* **Work to complete**
Apart from the pictures, please restate every entry below exactly.

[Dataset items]

=== Begin Enclosure ===

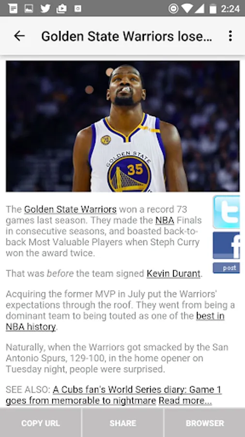 We know many of you like to share what you've been reading with your friends and social circles. To this end we've added sharing options to each post allowing you to quickly open up conversations about any topic on any social media application you have installed. This will not just share the link to the post but also the title and the best available image.
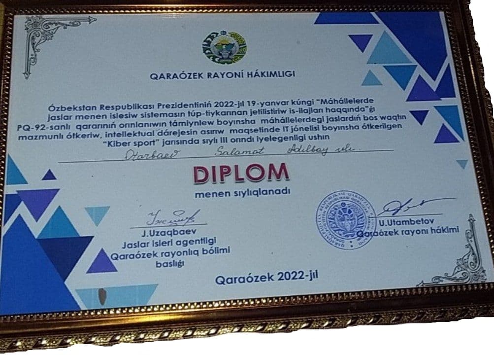 Qaraózek rayonı XBB ne qaraslı 27-sanlı UOBB mektebiniń kadrlar boyınsha menejeri «Qánekey jigitler alǵa — Hayal-qızlarǵa sawǵa» atlı kórik tańlawınıń rayonlıq basqıshına belsene qatnasqanı ushın húrmet jarlıǵı menen sıylıqlandı.
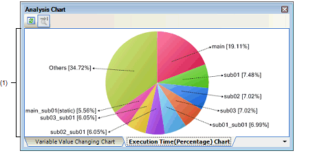 From the [View] menu, select [Program Analyzer] >> [Analysis Chart], and then select the [Execution Time(Percentage) Chart] tab.
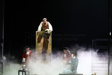 Актер Андрей Кондаков в роли Маскариля, слуги Валеры (в центре) во время премьерного показа спектакля «Любовная досада» в московском театре Et Cetera.
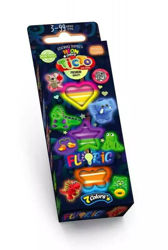 гр Креативна творчість "Тісто для ліплення "FLUORIC" TMD-FL-7-01U,02U (укр) (30) коробка 7 кольорів "Danko Toys"

=== End Enclosure ===

* **Task output**
 We know many of you like to share what you've been reading with your friends and social circles. To this end we've added sharing options to each post allowing you to quickly open up conversations about any topic on any social media application you have installed. This will not just share the link to the post but also the title and the best available image.
 Qaraózek rayonı XBB ne qaraslı 27-sanlı UOBB mektebiniń kadrlar boyınsha menejeri «Qánekey jigitler alǵa — Hayal-qızlarǵa sawǵa» atlı kórik tańlawınıń rayonlıq basqıshına belsene qatnasqanı ushın húrmet jarlıǵı menen sıylıqlandı.
 From the [View] menu, select [Program Analyzer] >> [Analysis Chart], and then select the [Execution Time(Percentage) Chart] tab.
 Актер Андрей Кондаков в роли Маскариля, слуги Валеры (в центре) во время премьерного показа спектакля «Любовная досада» в московском театре Et Cetera.
 гр Креативна творчість "Тісто для ліплення "FLUORIC" TMD-FL-7-01U,02U (укр) (30) коробка 7 кольорів "Danko Toys"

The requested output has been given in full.